> [Exercise requirements]
When writing out the listing below, reproduce every word exactly and skip the pictures.

::: Supplied information :::

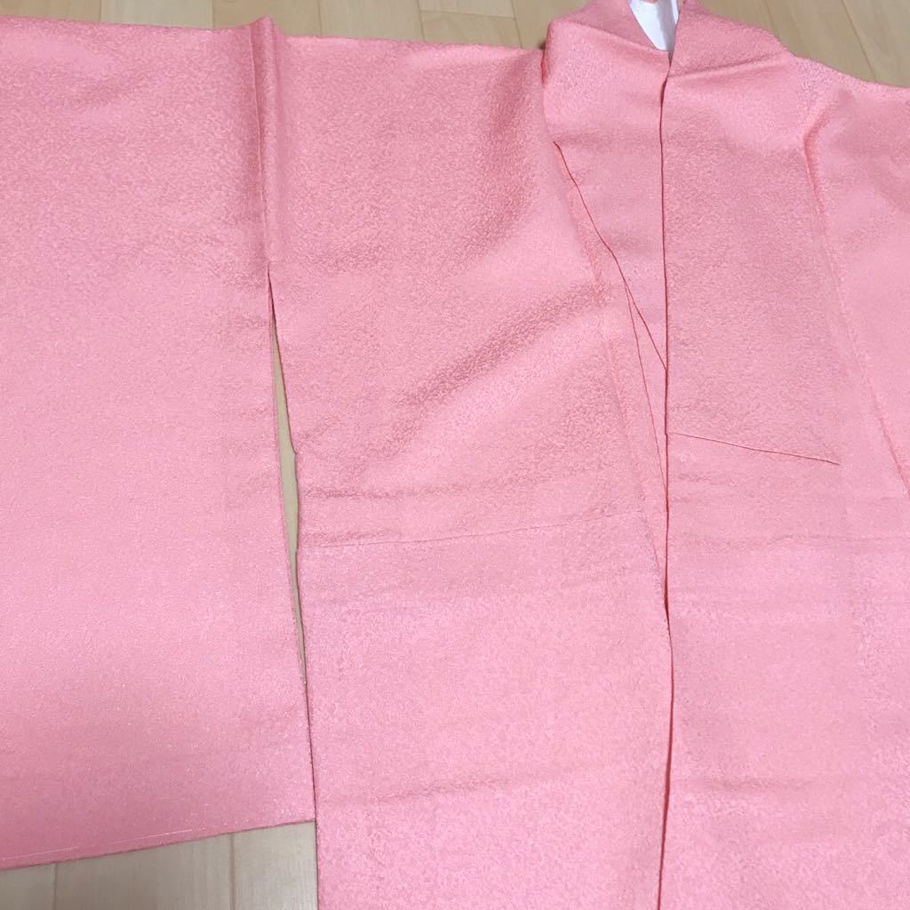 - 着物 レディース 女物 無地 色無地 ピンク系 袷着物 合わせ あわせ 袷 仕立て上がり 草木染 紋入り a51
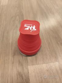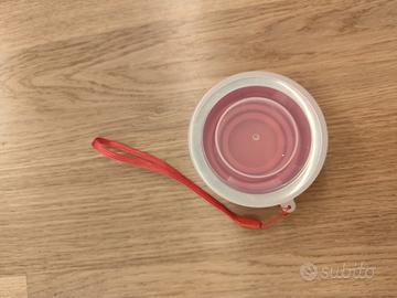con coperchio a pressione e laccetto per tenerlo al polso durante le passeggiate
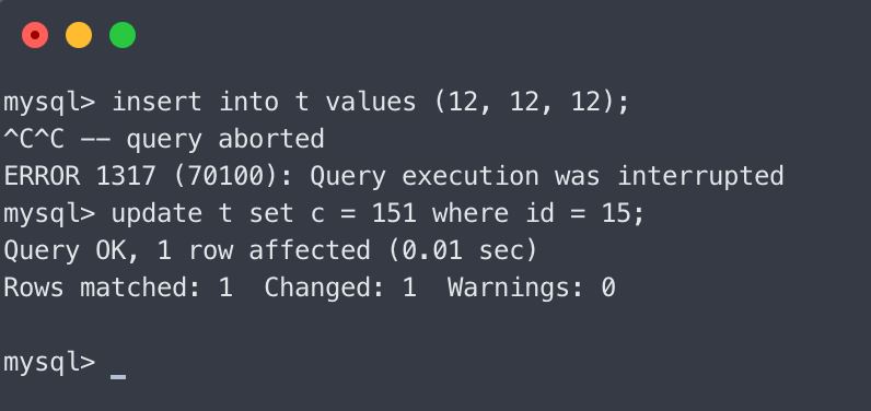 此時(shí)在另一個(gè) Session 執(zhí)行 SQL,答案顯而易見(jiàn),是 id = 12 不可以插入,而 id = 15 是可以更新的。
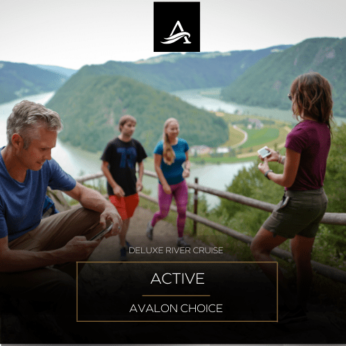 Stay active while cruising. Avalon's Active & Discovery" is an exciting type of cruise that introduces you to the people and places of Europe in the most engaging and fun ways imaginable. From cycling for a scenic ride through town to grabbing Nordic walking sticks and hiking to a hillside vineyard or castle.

:::

> [Answer to the exercise]
 - 着物 レディース 女物 無地 色無地 ピンク系 袷着物 合わせ あわせ 袷 仕立て上がり 草木染 紋入り a51
con coperchio a pressione e laccetto per tenerlo al polso durante le passeggiate
 此時(shí)在另一個(gè) Session 執(zhí)行 SQL,答案顯而易見(jiàn),是 id = 12 不可以插入,而 id = 15 是可以更新的。
 Stay active while cruising. Avalon's Active & Discovery" is an exciting type of cruise that introduces you to the people and places of Europe in the most engaging and fun ways imaginable. From cycling for a scenic ride through town to grabbing Nordic walking sticks and hiking to a hillside vineyard or castle.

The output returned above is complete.